=== Exercise directions ===
Pictures are to be left out. Return exactly the lines below from the one with "抽象流光背景图:深红底缀淡白" up to and including the one with "Светодиодная гирлянда нить".

=== Data section ===

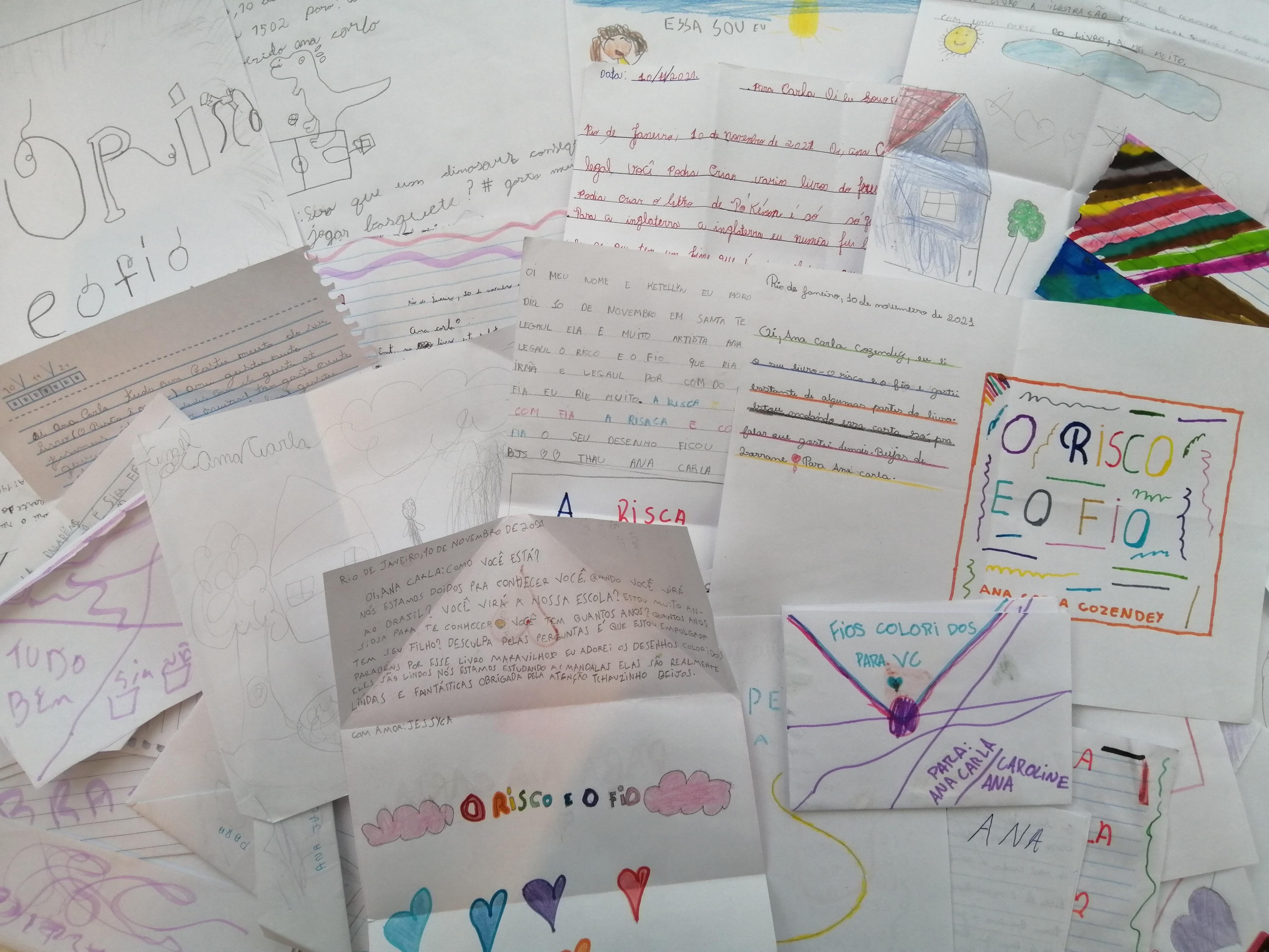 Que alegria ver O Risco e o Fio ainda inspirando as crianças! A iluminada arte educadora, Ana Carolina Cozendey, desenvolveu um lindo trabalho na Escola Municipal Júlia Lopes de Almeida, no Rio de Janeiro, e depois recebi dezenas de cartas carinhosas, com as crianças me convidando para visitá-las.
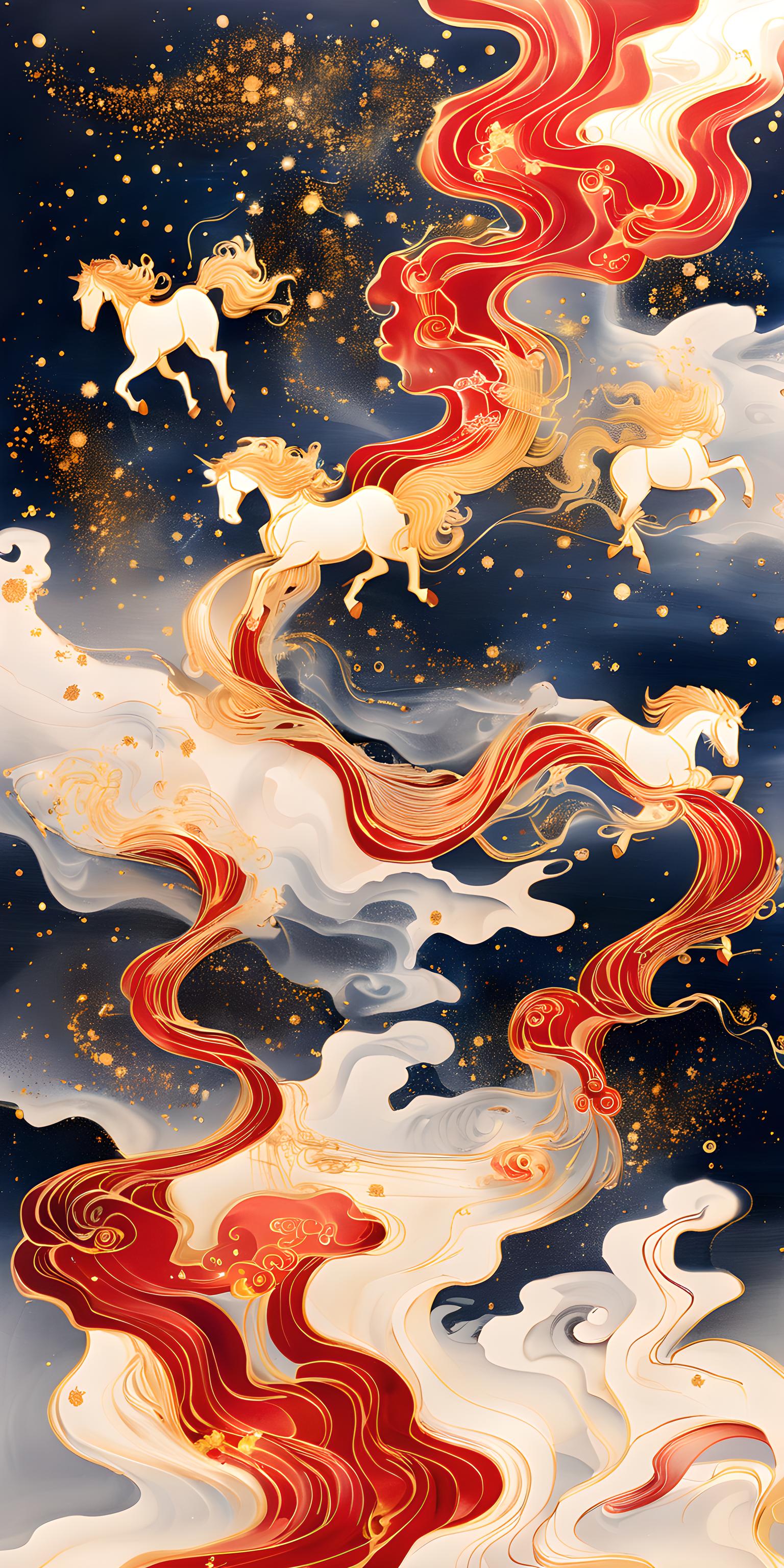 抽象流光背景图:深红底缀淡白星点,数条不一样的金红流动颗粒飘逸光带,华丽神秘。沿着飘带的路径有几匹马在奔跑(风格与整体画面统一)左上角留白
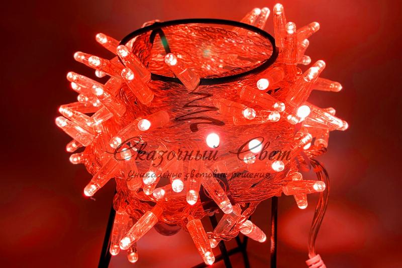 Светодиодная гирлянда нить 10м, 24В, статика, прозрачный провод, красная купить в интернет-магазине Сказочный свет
==
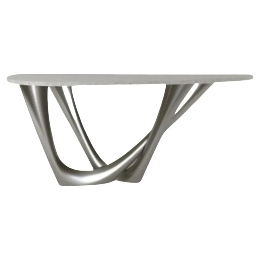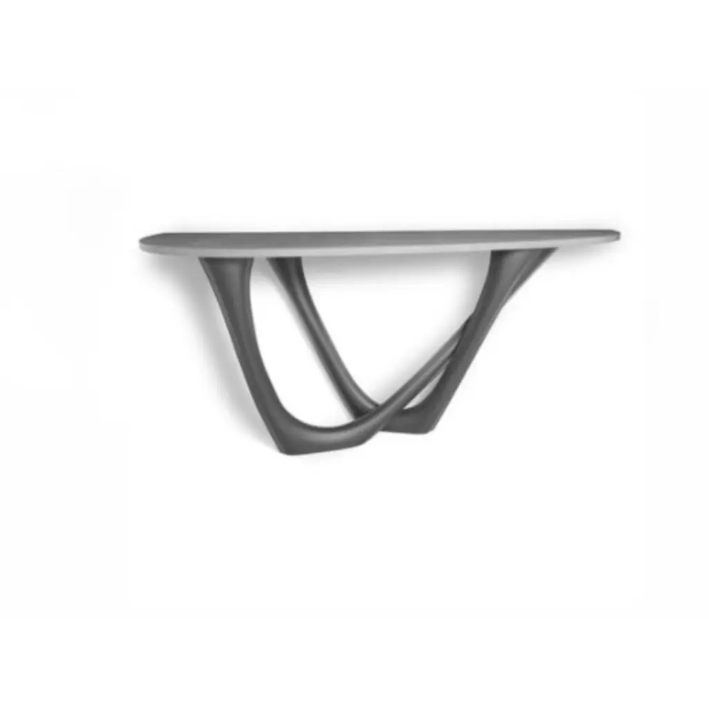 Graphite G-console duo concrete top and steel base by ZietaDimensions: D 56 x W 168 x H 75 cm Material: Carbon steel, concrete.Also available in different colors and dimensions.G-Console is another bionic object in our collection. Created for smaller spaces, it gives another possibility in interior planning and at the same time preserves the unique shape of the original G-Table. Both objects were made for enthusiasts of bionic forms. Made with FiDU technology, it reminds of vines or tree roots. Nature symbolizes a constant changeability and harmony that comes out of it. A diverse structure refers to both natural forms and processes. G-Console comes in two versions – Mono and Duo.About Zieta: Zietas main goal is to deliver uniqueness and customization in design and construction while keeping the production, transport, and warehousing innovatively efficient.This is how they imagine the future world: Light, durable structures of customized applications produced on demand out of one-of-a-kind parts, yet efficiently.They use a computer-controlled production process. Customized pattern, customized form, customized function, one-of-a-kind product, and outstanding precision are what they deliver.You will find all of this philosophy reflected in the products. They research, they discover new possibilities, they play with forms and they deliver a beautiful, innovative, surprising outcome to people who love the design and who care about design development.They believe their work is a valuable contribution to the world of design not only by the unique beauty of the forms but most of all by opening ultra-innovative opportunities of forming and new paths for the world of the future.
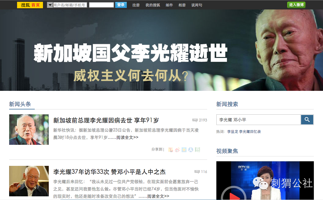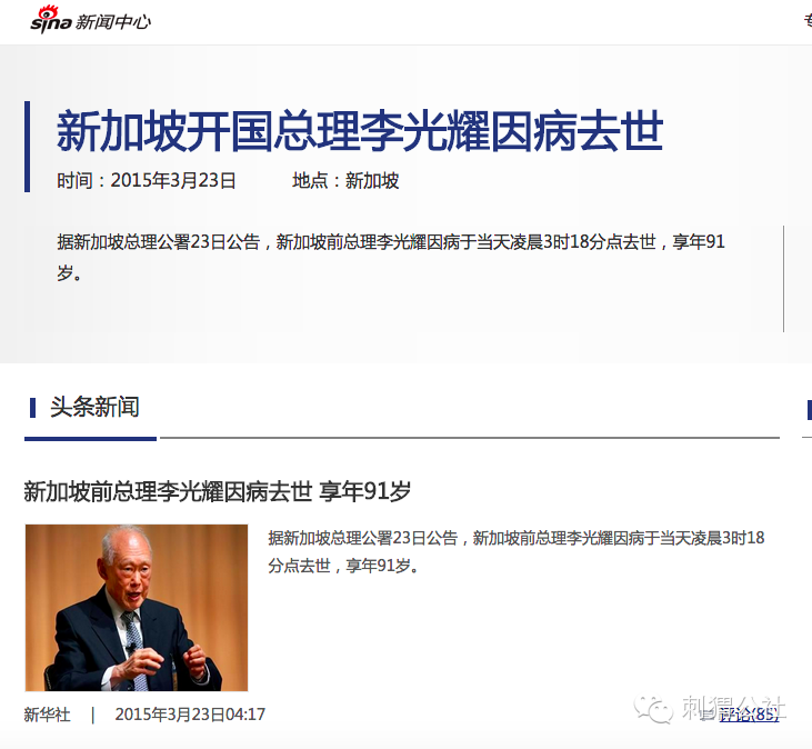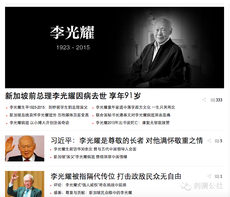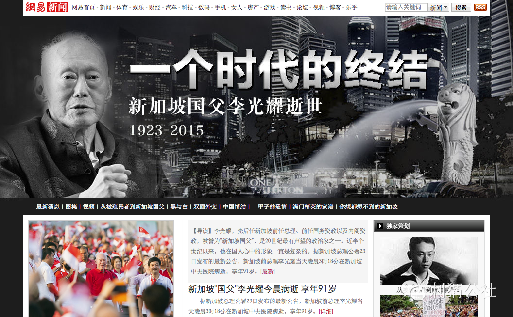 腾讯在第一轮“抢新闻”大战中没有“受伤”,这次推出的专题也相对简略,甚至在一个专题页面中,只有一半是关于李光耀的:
==
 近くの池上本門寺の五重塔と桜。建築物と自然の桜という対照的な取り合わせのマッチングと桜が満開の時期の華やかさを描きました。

=== Solution for this problem ===
 抽象流光背景图:深红底缀淡白星点,数条不一样的金红流动颗粒飘逸光带,华丽神秘。沿着飘带的路径有几匹马在奔跑(风格与整体画面统一)左上角留白
 Светодиодная гирлянда нить 10м, 24В, статика, прозрачный провод, красная купить в интернет-магазине Сказочный свет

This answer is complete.